Colin Firth plays Harry Hart, a debonair upper class Englishman from the old school who enjoys wearing bespoke suits but also using an array of gadgets to despatch villains in his role as an agent for Kingsman.
Kingsman is a very advanced, independent secret service organisation that operates out of a Saville Row tailor’s shop. When a new agent is needed after a mission doeesn't go as planned, Hart nominates Eggsy (Taron Egerton) to go through the training programme. Eggsy’s father, who had died many years ago, had a hidden existence as a Kingsman and it's now time for Eggsy to follow in his father’s footsteps. However, he lives in an inner city block of apartments with his mother and abusive stepfather, and is always in trouble seemingly having few prospects in life.
Nevertheless, Hart nurtures Eggsy as he makes his way through a boot camp designed to eliminate those nominees without the necessary attributes to make a successful agent. As with just about everything in this film, the set up is entirely clichéd, with council housing boy Eggsy up against the elite Oxbridge toffs, who quite quickly start to fall by the wayside.
Having navigated the boot camp, Eggsy is quickly embroiled in Hart’s battle against Valentine played by Samuel L. Jackson as a psychotic villain, with a thick lisp and a love of baseball caps. His side kick, Gazelle (Sofia Boutella), has razor blade prosthetic legs which she uses without compunction, slicing and dicing her enemies if they happen to get in her way.
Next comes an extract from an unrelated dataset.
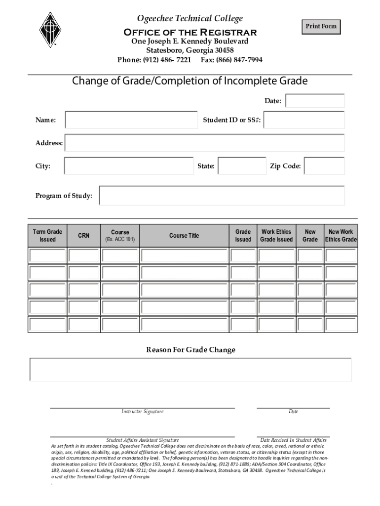 Phone: (912) 486 7221 Fax: (866) 8477994Change of Grade/Completion of Incomplete

Kingsman feels so much like a Bond film with the gloves off and has constant references and nods to them. At one point Hart and Valentine discuss the absurdity of the 007 movies and there are references to various Bond staples such as how to mix a Martini.
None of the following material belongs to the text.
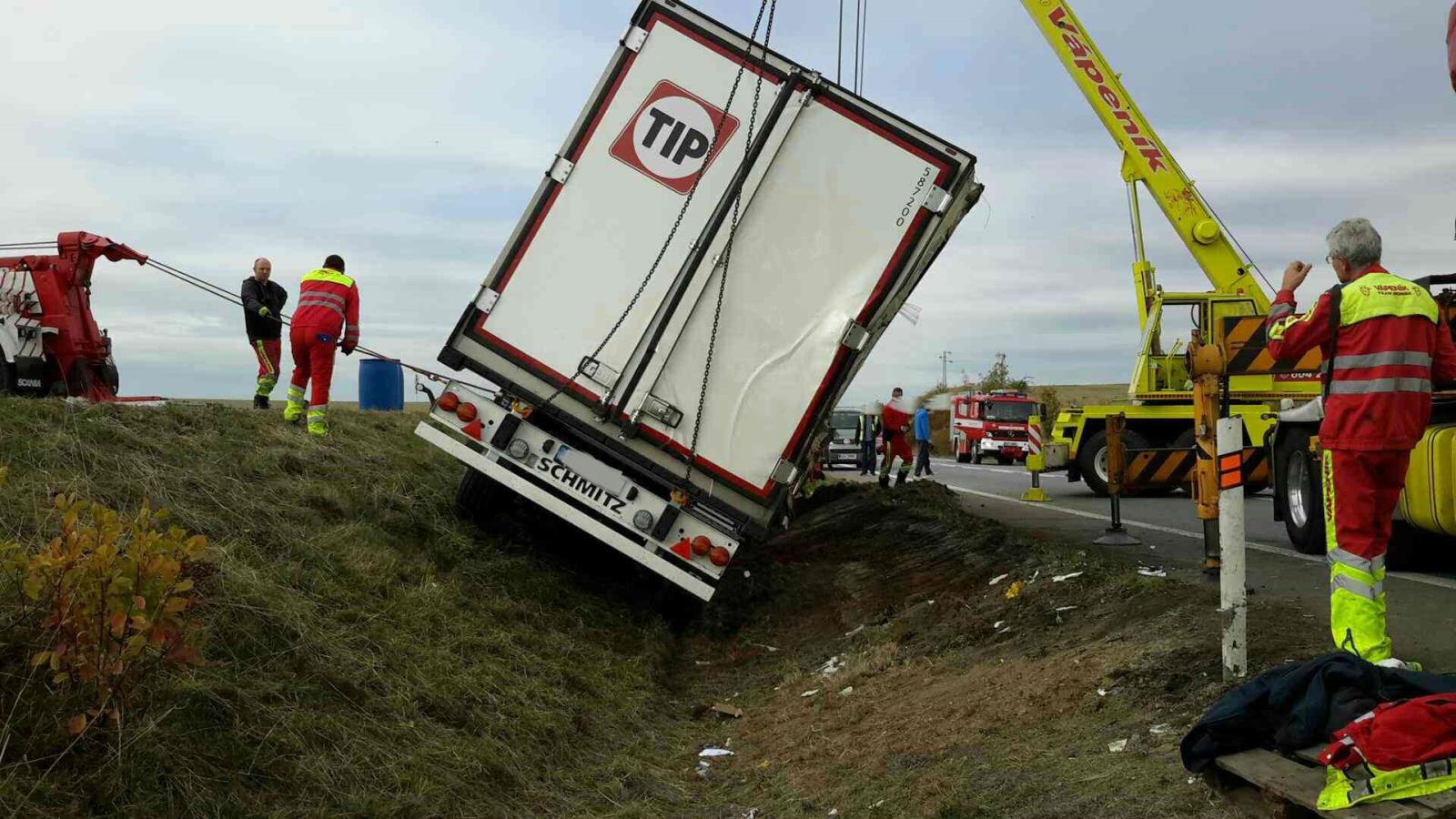 Kamion plně naložený sušenkami se převrátil na bok. Řidič utrpěl při kolizi zranění a byl převezen posádkou zdravotnické záchranné služby do nemocnice.

This would not be a Vaughn film without some eye popping scenes and there are two in this movie, one in an American church when Hart seems to take the congregation on in bloody hand combat and the other quite literally involves exploding heads with KC & The Sunshine Band playing along merrily in the background.
The source material is a darker comic book by Mark Millar, but I preferred Vaughn’s interpretation of Kick Ass, maybe for no better reason than it was new and fresh at the time. If you like a full on violent Bond movie, with tongue firmly in cheek, then you will enjoy this hardcore version of the Secret Service.